### PROVIDED DATA

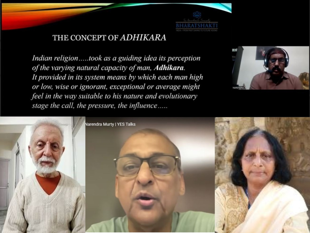 On 8th November, 2025, Narendra Murty, Research Associate, BhāratShakti was invited to deliver an online talk as part of the weekly YES Talks. YES – Yoga, Education and Spirituality – is an initiative started by Dr. Ramesh Bijlani of Sri Aurobindo Ashram, Delhi Branch, based on the idea – Yoga is education. Education is incomplete without spirituality. Spirituality in practice is yoga.
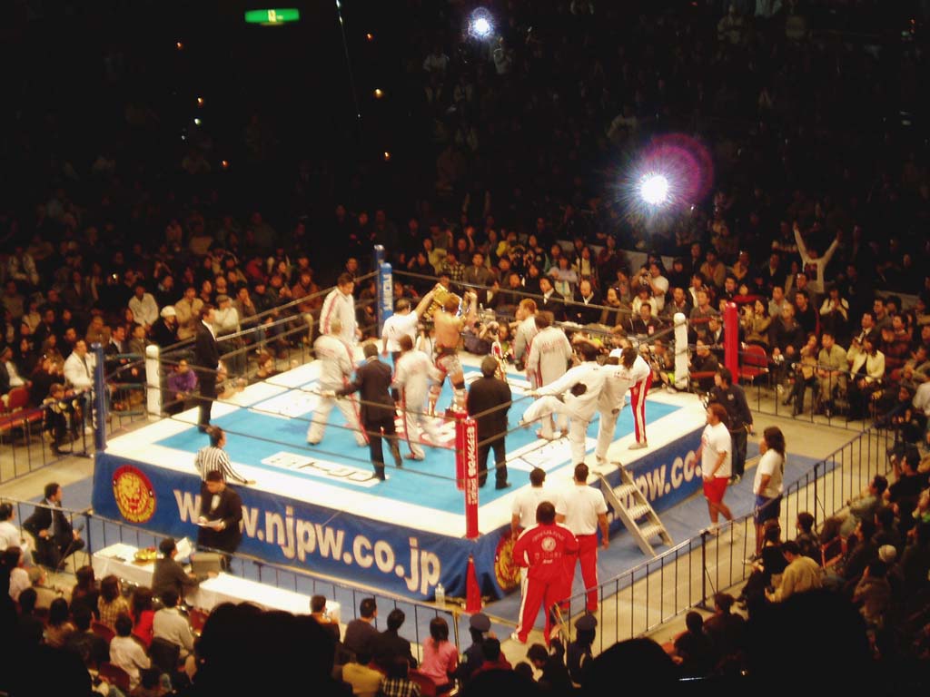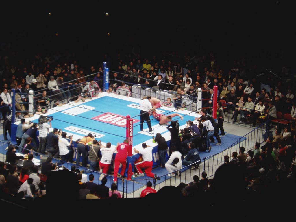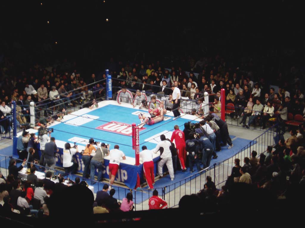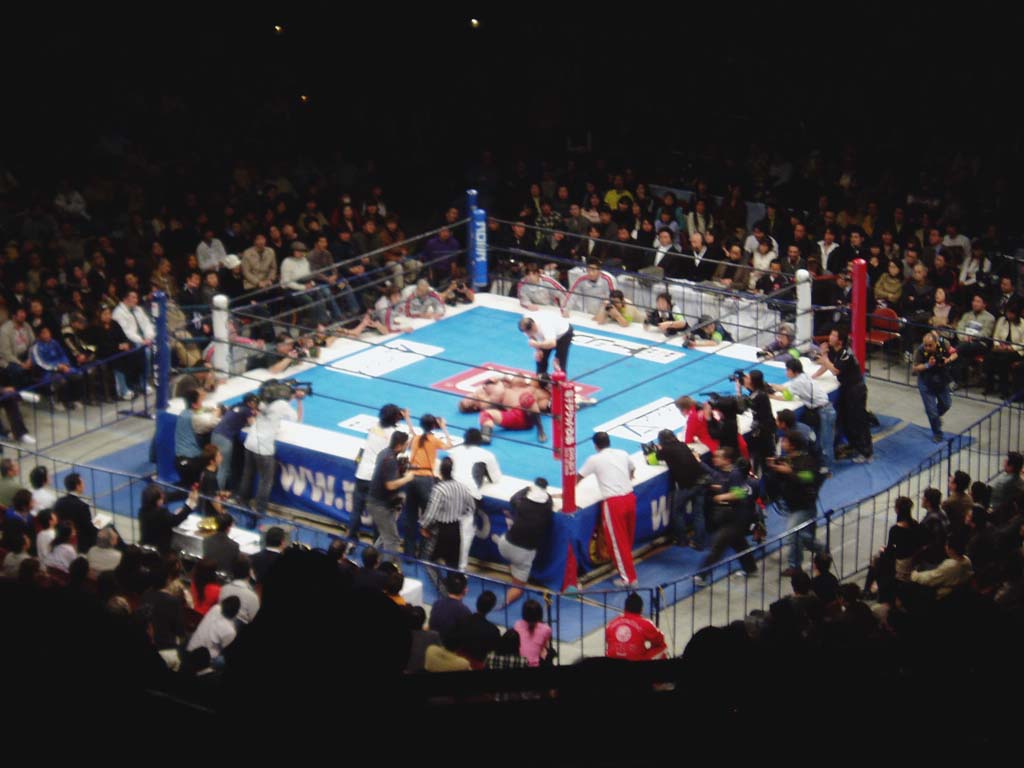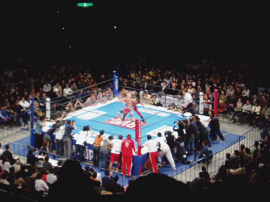 京平レフリーがKO判定を下した直後ぐらいの図。 試合時間が50分超えた辺りから、わかっている人は溜息を漏らして 55分を超えると流石にピュアな人達からも大ブーイング、怒号が聞こえてきたので、京平レフリーの判断は正しかったと思います。 (仮定の話として)この試合がフルタイムドローだとしたら、会場に来ていた人達は失望していたろうし ファンは不信感を抱いて、プロレスを捨てる人も増えていた事でしょう。
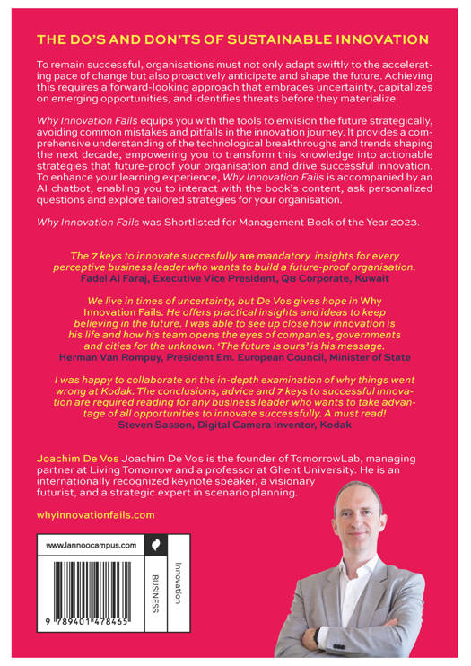 The 7 keys to innovate succesfully are mandatory insights for every perceptive business leader who wants to build a future-proof organisation. - Fadel Al Faraj, Executive Vice President, Q8 Corporate, Kuwait We live in times of uncertainty, but De Vos gives hope in Why Innovation Fails. He offers practical insights and ideas to keep believing in the future. I was able to see up close how innovation is his life and how his team opens the eyes of companies, governments and cities for the unknown. 'The future is ours' is his message. - Herman Van Rompuy, President Em. European Council, Minister of State I was happy to collaborate on the in-depth examination of why things went wrong at Kodak. The conclusions, advice and 7 keys to successful innovation are required reading for any business leader who wants to take advantage of all opportunities to innovate successfully. A must read! - Steven Sasson, Digital Camera Inventor, Kodak

######

● **PROBLEM TO SOLVE**
Each line above should be set down exactly as written, with pictures excluded.

● **EXERCISE ANSWER**
 On 8th November, 2025, Narendra Murty, Research Associate, BhāratShakti was invited to deliver an online talk as part of the weekly YES Talks. YES – Yoga, Education and Spirituality – is an initiative started by Dr. Ramesh Bijlani of Sri Aurobindo Ashram, Delhi Branch, based on the idea – Yoga is education. Education is incomplete without spirituality. Spirituality in practice is yoga.
 京平レフリーがKO判定を下した直後ぐらいの図。 試合時間が50分超えた辺りから、わかっている人は溜息を漏らして 55分を超えると流石にピュアな人達からも大ブーイング、怒号が聞こえてきたので、京平レフリーの判断は正しかったと思います。 (仮定の話として)この試合がフルタイムドローだとしたら、会場に来ていた人達は失望していたろうし ファンは不信感を抱いて、プロレスを捨てる人も増えていた事でしょう。
 The 7 keys to innovate succesfully are mandatory insights for every perceptive business leader who wants to build a future-proof organisation. - Fadel Al Faraj, Executive Vice President, Q8 Corporate, Kuwait We live in times of uncertainty, but De Vos gives hope in Why Innovation Fails. He offers practical insights and ideas to keep believing in the future. I was able to see up close how innovation is his life and how his team opens the eyes of companies, governments and cities for the unknown. 'The future is ours' is his message. - Herman Van Rompuy, President Em. European Council, Minister of State I was happy to collaborate on the in-depth examination of why things went wrong at Kodak. The conclusions, advice and 7 keys to successful innovation are required reading for any business leader who wants to take advantage of all opportunities to innovate successfully. A must read! - Steven Sasson, Digital Camera Inventor, Kodak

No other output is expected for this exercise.